Festgestellt hätten die Teilnehmer, dass das Thema Sparen mit Blick auf kirchliche Angebote in der Evangelischen Kirche der Pfalz einen viel größeren Raum einnehme als in der englischen Partnerkirche. „Die URC lebt immer schon damit, hat gar nicht den Anspruch, alles abdecken zu müssen“, sagt Henninger über die Kirche mit ihren rund 50 000 Mitgliedern. Und auch sie müsse Jahr für Jahr Gebäude aufgeben oder Gemeinden schließen.
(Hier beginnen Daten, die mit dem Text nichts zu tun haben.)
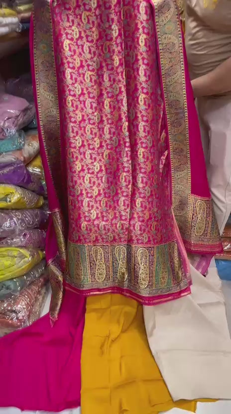 The set is completed with a large-sized silk jacquard dupatta, showcasing the same. authentic woven texture.

In der Landeskirche sei weniger „Mut zur Lücke“ zu finden.

Flexibler werden

Als Auftrag aus dem Treffen nehme die pfälzische Delegation mit, dass aus- und fortgebildet werden müsste, um sprachfähig zu werden im Glauben und darauf eingehen zu können, was die Menschen beschäftigt; wo sie selbst etwas gestalten möchten. Auch hier sei die URC flexibler, sagt Henninger. Die Partnerkirche aus England akzeptiere es leichter, wenn sich jemand nur für kurze Zeit verpflichtet. „Es muss nichts direkt in Stein gemeißelt sein.“

Ganz großen Wert lege die URC darauf, Gemeinde zu stärken, ist eine weitere Erkenntnis des Treffens. Dies sieht Henninger als entscheidend an. „Wenn eine Kirche wachsen will, geht das nur über die Gemeinde.“ Im Gespräch mit Haupt- und Ehrenamtlichen höre er immer wieder, dass sie gerne mehr Zeit in Gemeindearbeit stecken würden statt in Gebäude. An dieser Stelle sei eine Entlastung und Hilfe durch die Landeskirche nötig.